§ Saved entries
════════════════
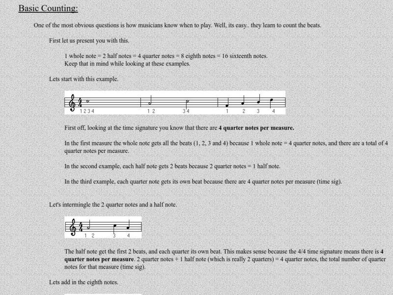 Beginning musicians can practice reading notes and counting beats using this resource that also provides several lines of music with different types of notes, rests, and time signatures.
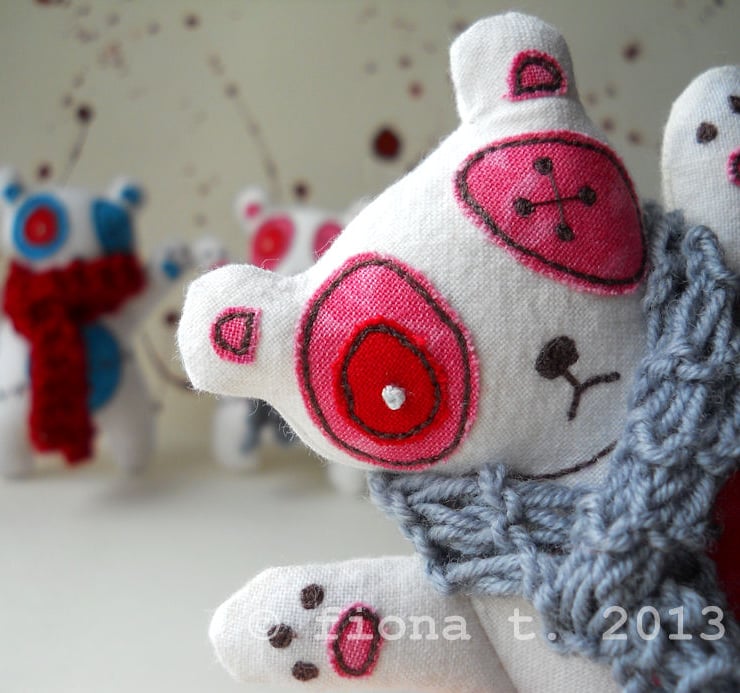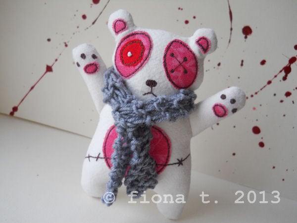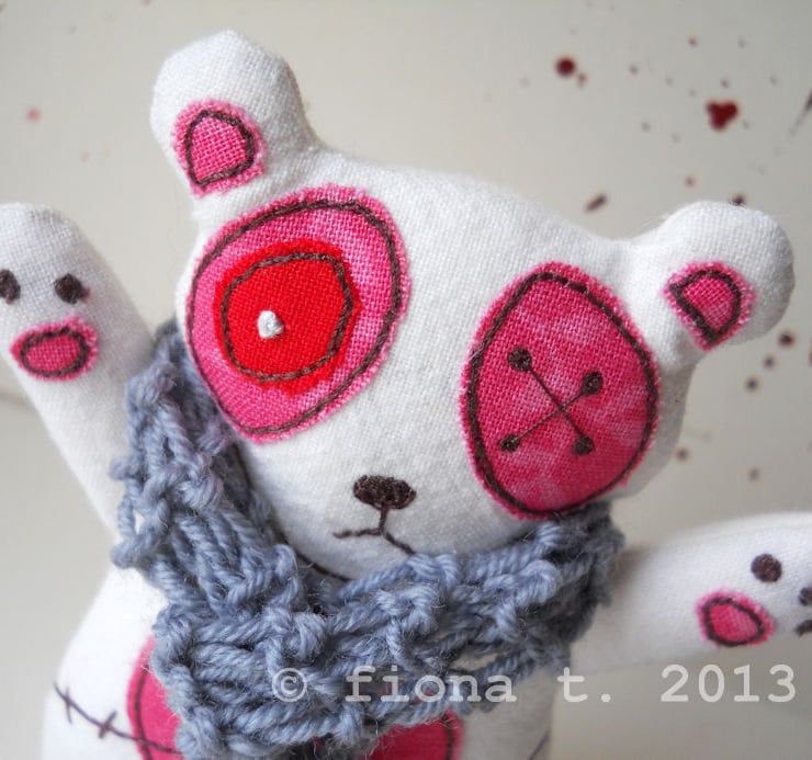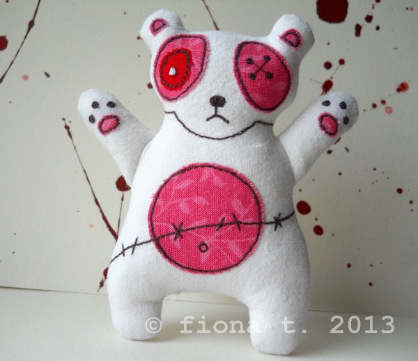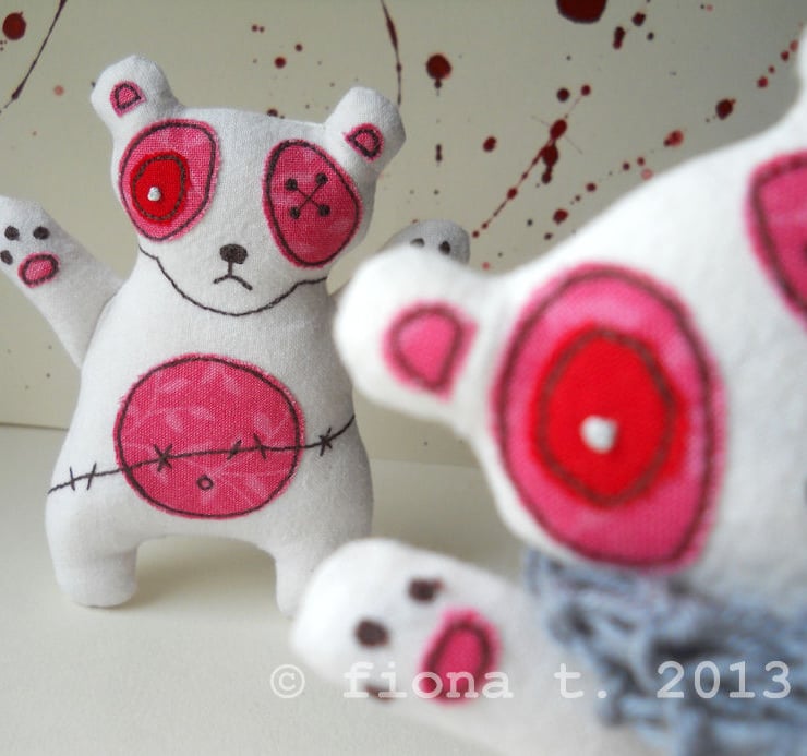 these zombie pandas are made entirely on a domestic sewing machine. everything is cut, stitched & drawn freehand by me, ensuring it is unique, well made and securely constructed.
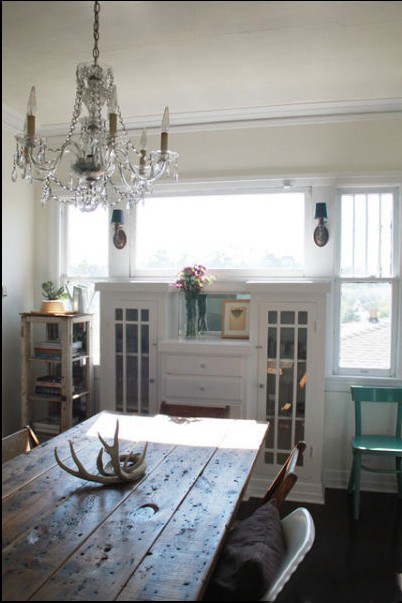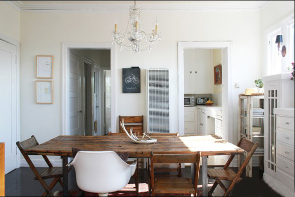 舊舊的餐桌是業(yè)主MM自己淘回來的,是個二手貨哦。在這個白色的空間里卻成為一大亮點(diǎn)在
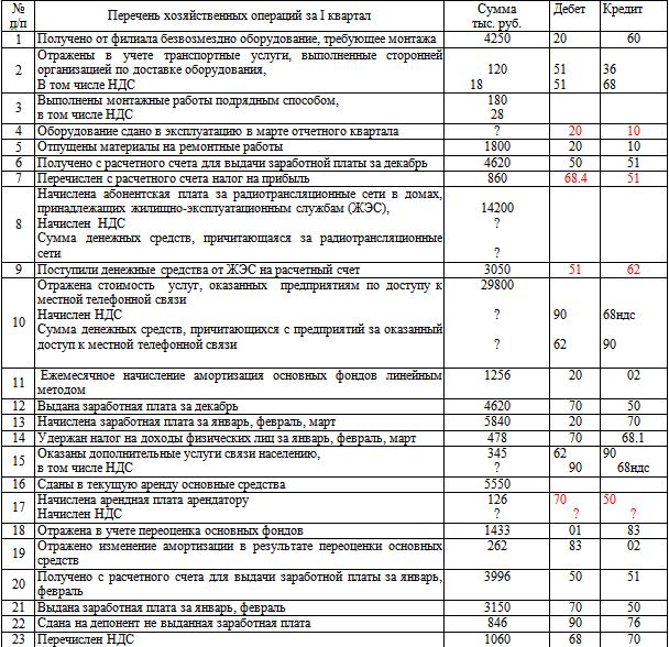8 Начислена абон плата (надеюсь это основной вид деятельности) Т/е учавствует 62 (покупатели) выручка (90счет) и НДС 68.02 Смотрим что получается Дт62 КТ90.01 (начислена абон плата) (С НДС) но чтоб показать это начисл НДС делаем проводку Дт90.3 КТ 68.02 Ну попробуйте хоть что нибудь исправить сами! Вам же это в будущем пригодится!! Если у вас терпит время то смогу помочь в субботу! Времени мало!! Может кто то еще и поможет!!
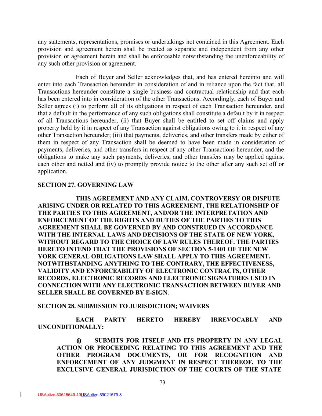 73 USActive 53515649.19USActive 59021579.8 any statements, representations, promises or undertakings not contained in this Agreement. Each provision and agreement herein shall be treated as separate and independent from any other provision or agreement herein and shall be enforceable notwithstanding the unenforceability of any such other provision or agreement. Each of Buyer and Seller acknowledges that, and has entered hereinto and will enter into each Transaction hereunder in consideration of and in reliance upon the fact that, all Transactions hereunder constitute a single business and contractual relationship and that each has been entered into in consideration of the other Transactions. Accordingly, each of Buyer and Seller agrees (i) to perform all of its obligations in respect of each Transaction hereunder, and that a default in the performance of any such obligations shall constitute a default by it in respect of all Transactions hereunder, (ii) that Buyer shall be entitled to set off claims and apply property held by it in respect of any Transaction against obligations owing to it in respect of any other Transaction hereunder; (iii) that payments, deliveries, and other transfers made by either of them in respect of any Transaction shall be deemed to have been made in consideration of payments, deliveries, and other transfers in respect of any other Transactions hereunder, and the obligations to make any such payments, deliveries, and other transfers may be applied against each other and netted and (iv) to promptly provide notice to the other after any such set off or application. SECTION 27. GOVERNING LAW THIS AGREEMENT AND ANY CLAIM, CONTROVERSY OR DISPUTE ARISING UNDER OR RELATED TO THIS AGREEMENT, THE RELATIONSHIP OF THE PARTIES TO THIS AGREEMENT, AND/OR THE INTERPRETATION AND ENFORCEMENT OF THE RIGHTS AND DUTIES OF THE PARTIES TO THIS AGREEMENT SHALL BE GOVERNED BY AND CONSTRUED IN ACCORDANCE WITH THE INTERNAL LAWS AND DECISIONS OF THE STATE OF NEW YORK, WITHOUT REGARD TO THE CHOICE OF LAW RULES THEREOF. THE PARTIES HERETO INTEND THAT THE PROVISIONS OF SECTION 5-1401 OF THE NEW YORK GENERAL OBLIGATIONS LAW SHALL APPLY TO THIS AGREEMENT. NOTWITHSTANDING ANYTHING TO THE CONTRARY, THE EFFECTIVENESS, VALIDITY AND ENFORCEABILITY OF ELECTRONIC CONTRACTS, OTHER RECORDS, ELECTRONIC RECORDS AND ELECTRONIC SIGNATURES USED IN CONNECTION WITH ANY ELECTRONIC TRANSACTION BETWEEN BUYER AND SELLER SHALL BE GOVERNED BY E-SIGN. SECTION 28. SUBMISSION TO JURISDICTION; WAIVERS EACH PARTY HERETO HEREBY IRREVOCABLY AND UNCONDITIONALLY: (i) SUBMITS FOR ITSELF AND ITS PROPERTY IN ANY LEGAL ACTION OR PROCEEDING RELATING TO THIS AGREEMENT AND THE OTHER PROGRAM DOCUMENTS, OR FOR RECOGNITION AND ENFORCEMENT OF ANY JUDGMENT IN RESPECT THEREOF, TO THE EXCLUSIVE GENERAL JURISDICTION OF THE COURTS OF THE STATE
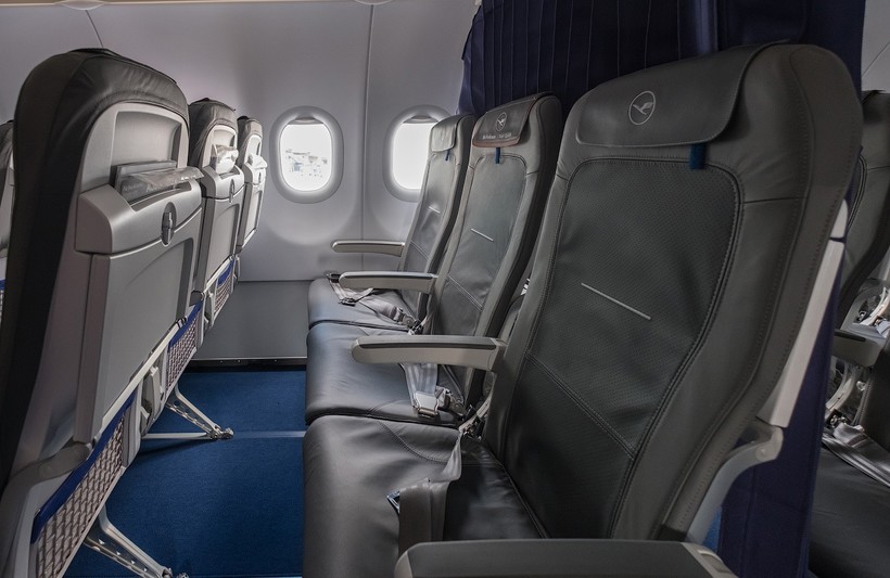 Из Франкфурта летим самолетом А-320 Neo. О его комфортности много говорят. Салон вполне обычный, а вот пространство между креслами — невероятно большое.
════════════════
§ Task statement
Only the lines from the beginning of the records up to and including the line with "8 Начислена абон" should appear, exactly as they are, and no pictures.

§ Reply to the task
 Beginning musicians can practice reading notes and counting beats using this resource that also provides several lines of music with different types of notes, rests, and time signatures.
 these zombie pandas are made entirely on a domestic sewing machine. everything is cut, stitched & drawn freehand by me, ensuring it is unique, well made and securely constructed.
 舊舊的餐桌是業(yè)主MM自己淘回來的,是個二手貨哦。在這個白色的空間里卻成為一大亮點(diǎn)在
8 Начислена абон плата (надеюсь это основной вид деятельности) Т/е учавствует 62 (покупатели) выручка (90счет) и НДС 68.02 Смотрим что получается Дт62 КТ90.01 (начислена абон плата) (С НДС) но чтоб показать это начисл НДС делаем проводку Дт90.3 КТ 68.02 Ну попробуйте хоть что нибудь исправить сами! Вам же это в будущем пригодится!! Если у вас терпит время то смогу помочь в субботу! Времени мало!! Может кто то еще и поможет!!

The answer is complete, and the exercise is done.